H. Kishie Singh
In most countries, the roads are built for a specific purpose. Intra-city roads to inter-city roads to super highways, all have different specifications. Their load-bearing capacity is the main criteria.
The National Highway Authority of India has not taken this fact into consideration while building the National Highway from Ambala to Delhi.
In the last six months I was told repeatedly that the road is complete. About time! Sher Shah Suri started it, the British improved upon it and we haven’t a notion of what to do with it. Sorry people, the road is far from complete!
I recently drove to Delhi. My SUV, weighing almost two tons, should have stayed glued to the road. It did not. It was like a row boat on a choppy sea. The road surface was wavy. True, it looked freshly laid and smooth, but it had sunk. The smooth surface was illusionary.
But, why had it sunk?
Years ago, we had only the single rear axle Tata trucks on the road. These were rated at two-ton loading capacity. After being readied for the road, that means, adding additional leaf springs and stronger tyres, the trucks could carry 10 tons or more.
Along came the double rear axle trucks. Then came the 10/12/18 wheeler trucks; they could carry 40-50-60 tons. However, the roads and bridges stayed the same. I have been stuck on the National Highway when an overloaded truck broke a bridge. It simply could not carry the weight of a modern-day juggernaut.
And, on my last trip to Delhi, I was flabbergasted to see 22-wheeler trucks! My guesstimate is that these carry 100 tons or more. I saw trucks with four-wheel steering. Yes! The four up front wheels are controlled by the steering to help these monsters go around the corners. The load is as long as a railway carriage. The present-day roads were never built for these behemoths. Little wonder then that the roads have sunk to the extent that one gets sea-sick on land.

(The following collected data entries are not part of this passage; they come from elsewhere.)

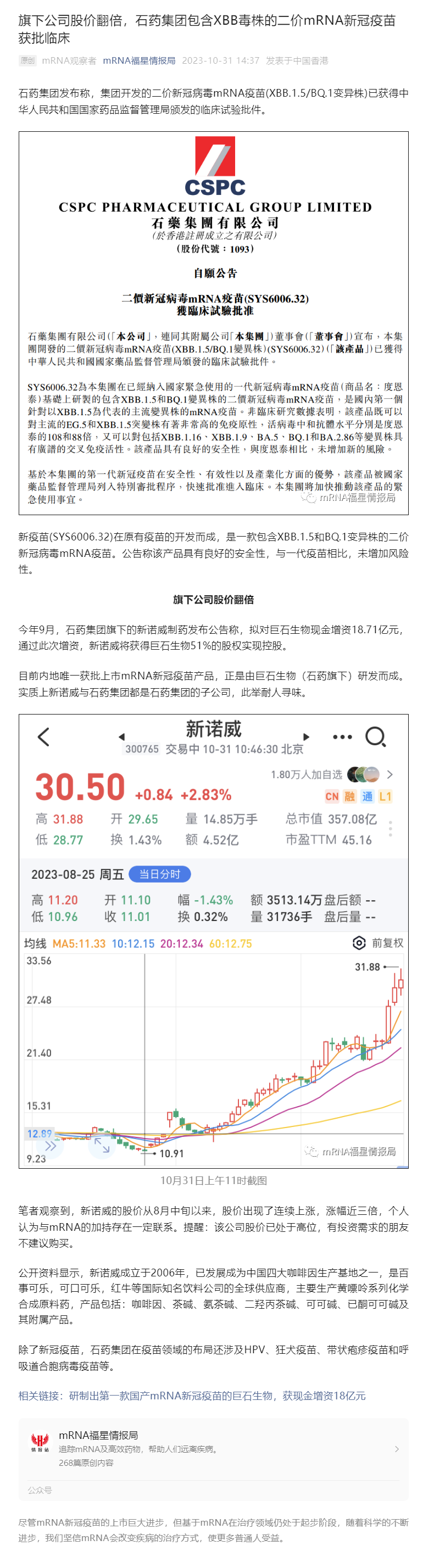 旗下公司股價(jià)翻倍,石藥集團(tuán)包含XBB毒株的二價(jià)mRNA新冠疫苗獲批臨床
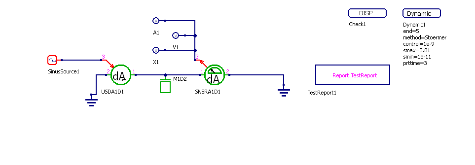 Модель элемента с управляемым источником ускорения и датчиком относительного ускорения
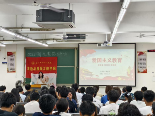 为进一步弘扬爱国主义精神,增强大学生的国家认同感和法治观念,2025年9月27日,生物与食品工程学院组织了全体2025级新生在教学楼J02和J03教室开展爱国主义教育。
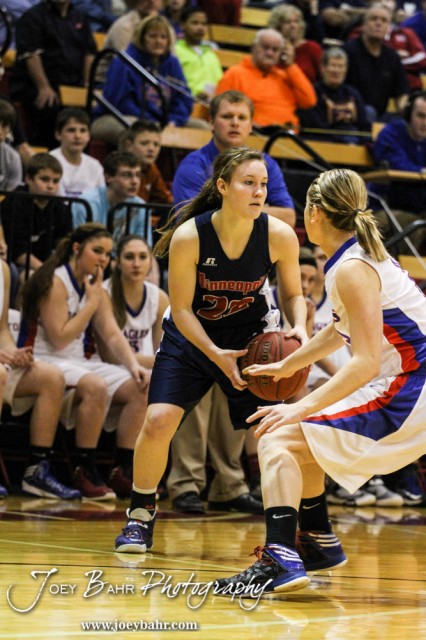 Minneapolis Lady Lion Lindsay Shupe (#22) looks for a teammate to pass the ball to during the 2014 Hoisington Cardinal Winter Jam Girls Championship basketball game with the Ellinwood Lady Eagles versus the Minneapolis Lady Lions with Ellinwood winning 57 to 48 at the Hoisington Activity Center in Hoisington, Kansas on January 25, 2014. (Photo: Joey Bahr, www.joeybahr.com)
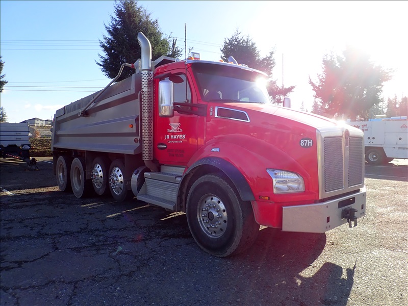 QUAD AXLE DUMP TRUCK, CUMMINS ISX15, 18 SPD, 46,000 REARS, 20,000 FRONT, HAULMAX SUSPENSION, 17' STEEL BOX W/HIGH LIFT GATE, ASPHALT GATES, TARP SYSTEM, (2) DROP AXLES, DOUBLE LOCKERS, ( LOCATED IN MAPLE VALLEY )

The smallest sedans, which weigh around 850 kg, they are capable of high speeds. For the unwary and unsuspecting driver, any uneven surface can destabilise the car. So, other than damaging roads and bridges, these vehicles pose a danger to just about every road user.
I am pained to say that we have world class cars, third world class roads and low class drivers. Neither are roads safe from the technical point of view, nor is policing any good. On my trip to Delhi and back, I did not see a single police car patrolling to check contraventions or regulate traffic and challan the offenders.
Speed limits are flouted, and so are overtaking rules. Heavy vehicles stick to the fast lane, metal rods protrude from trucks and tractors pull two and three trollies converting them into small road trains. Wheat straw (toorie) loaded trucks are the size of a barn, buses zigzag and zoom-cut lanes.
The same trucks, tractors and buses, the minute they enter Delhi, move to the left hand lane and stick there.
The Delhi Police cracked the whip during Asiad and brought traffic under control. Where there is a will there is a way.
So if Delhi can do it, why can’t the NHAI? A lackadaisical attitude and a lack of will is the answer. The result is a chaotic, dangerous and a killer road.